I have ground buffalo and ground free range pork ready to cook on Thursday. I'll be mixing and spicing the two together to make some crazy fancy burgers. They will be served with this with the ridiculous nine dollar block of amazingly sharp cheddar cheese I bought from the cheese guy this weekend, my favorite type of whole grain mustard, and maybe some ketchup if I feel like committing sacrilege. Nice.

Of course, the quandary is that I have a ridiculous amount of saved food. I got a good bit of chicken (most likely dinner tomorrow), the mushroom dish (dinner friday?) and two pounds of ground meat. So from the previous status of empty, my larder doth overflow. I should share the wealth. Maybe I will... or at least start planning to do so more often. My thoughts stray to bringing the burgers to Sheila's Saturday, but she doesn't like red meat and, frankly, that stuff is expensive to share with some people I don't know. Damn skippy y'all.

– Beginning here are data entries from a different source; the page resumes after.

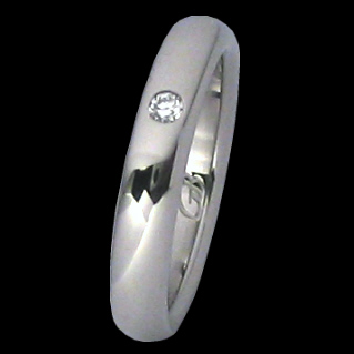 Titanring aussen abgerundet und einem kleinen Brillianten. Diamant mit Durchmesser 1,75mm. Farbe Top Wesselton, lupenreine Qualität. (andere Steingrössen auf Anfrage erhältlich)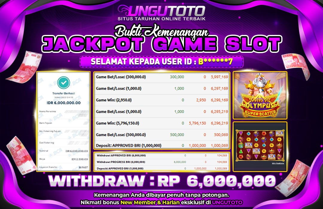UNGUTOTO JACKPOT Gates of Olympus Super Scatter Rp.6.000.000 LUNAS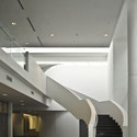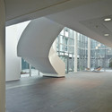 新建筑部分融入了场地,相邻的建筑就像一个俄罗斯方块,因为它需要连接现有的楼层平面和交通流线。平直的网格(以及后面简单的盒形建筑)上安放了培训室柔性的曲线墙体以及一个具有雕塑感曲线的楼梯为建筑带来了乐趣,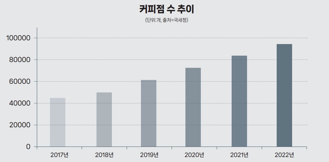 카페는 길거리의 대장이다. 점차 카페의 수가 늘어나면서 시장경제 내에 카페 레드오션(Red Ocean)이 조성됐다. 2021년 8만여 개로 추산되던 국내 카페 점포 수는 2023년 10만 개에 근접했다. 이는 20.3%가 증가한 추세다. 특히 상대적으로 싼 가격에 음료를 제공하는 저가 커피 프랜차이즈 매장이 날이 갈수록 영향력을 확대하고 있다.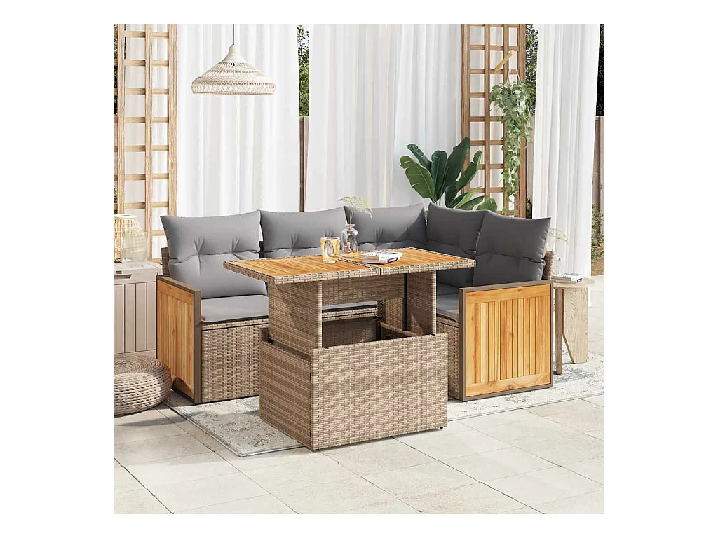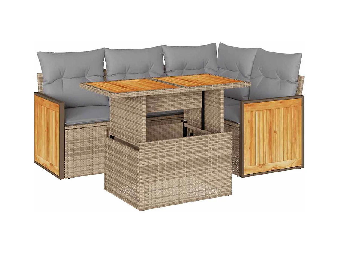 Set Divano da Giardino 5 pz con Cuscini Beige Polyrattan Acacia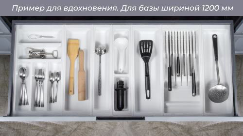 PC14 — многосекционный поддон из экологичного полипропилена, необходим для хранения столовых приборов. Является обязательным образующим элементом для формирования любой комбинации поддонов линейки BLӦKI для выдвижных мебельных ящиков глубиной 500 мм и шириной от 500 мм.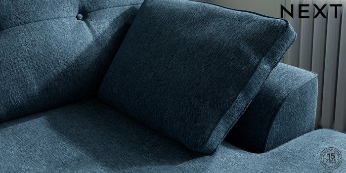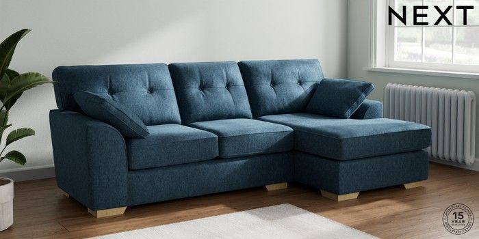 7.2.10 Stamford Buttoned Back Medium Sofa Chaise - Right Hand Cotswold Chenille Dark Blue Large Square Angle - Light | Made Click here to use our website with more accessibility support, for example screen readers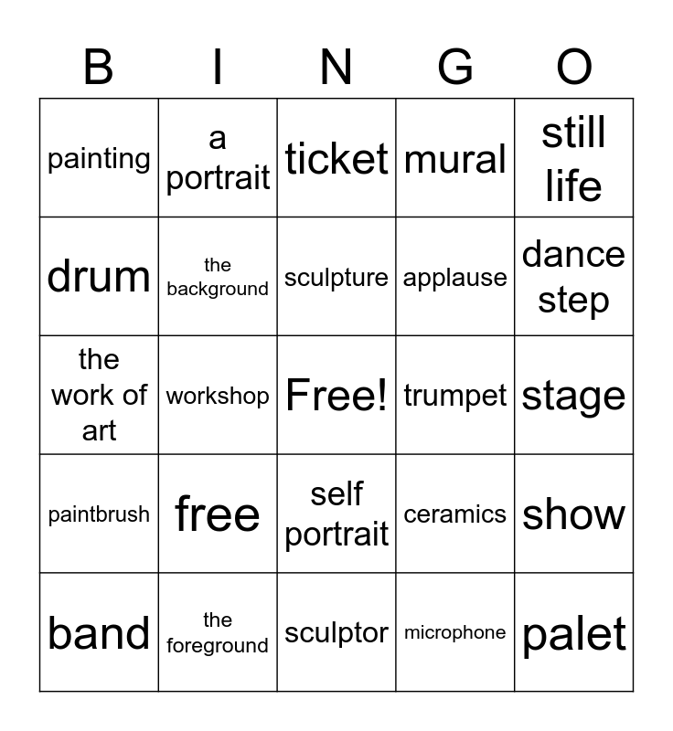 This bingo card has a free space and 24 words: free, the foreground, sculpture, band, still life, painting, drum, a portrait, trumpet, self portrait, applause, the work of art, ceramics, show, the background, microphone, stage, ticket, dance step, workshop, palet, paintbrush, mural and sculptor.
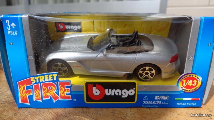 Carrinho Miniatura DODGE VIPER, ESC. 1/43 Da Burago, coôr cinza, descaputável,tem cx. e seu estado é optimo.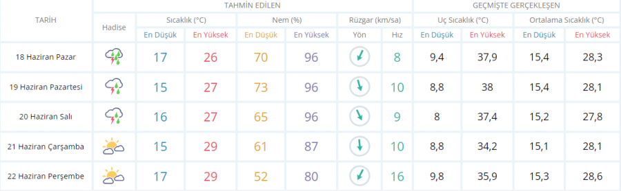 5 GÜNLÜK TAHMİNİ
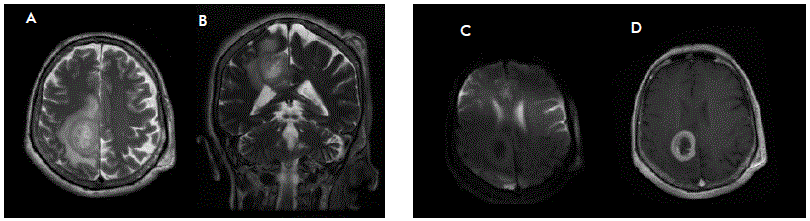 Figure 1 Magnetic resonance imaging. A-D Brain lesion identified during diagnostic assessment. Axial T2-weighted imaging (A) shows an intrinsic heterogeneously lesion located in the left central lobe, well delimited with significant perilesional edema. Contrast-enhanced T1-weighted imaging (D) demonstrates peripheral contrast uptake, with effacement of surrounding brain sulci. Coronal T2-DWI (B) shows no apparent restriction.

Tomorrow will be a darn good day for food coverage on DCist. I've been slacking a bit, covering (as Mssr Goodspeed puts it) "hot media on media action" and some local politics. But tomorrow has some good offerings. First, there will be a longer and more thought out review of The Islander. The goal is to do this kind of thing once or twice a month. That means more eating out, but I think I can swing that.

Better than the Islander review will be something I'll be putting up tomorrow afternoon that isn't really my deal. I'm only editing it, but trust me it is pretty fab. (Did I just say fab?) In any case, I think its something to look out for. At the very least, I know a few people will enjoy it... but I hope that it'll be a real hit.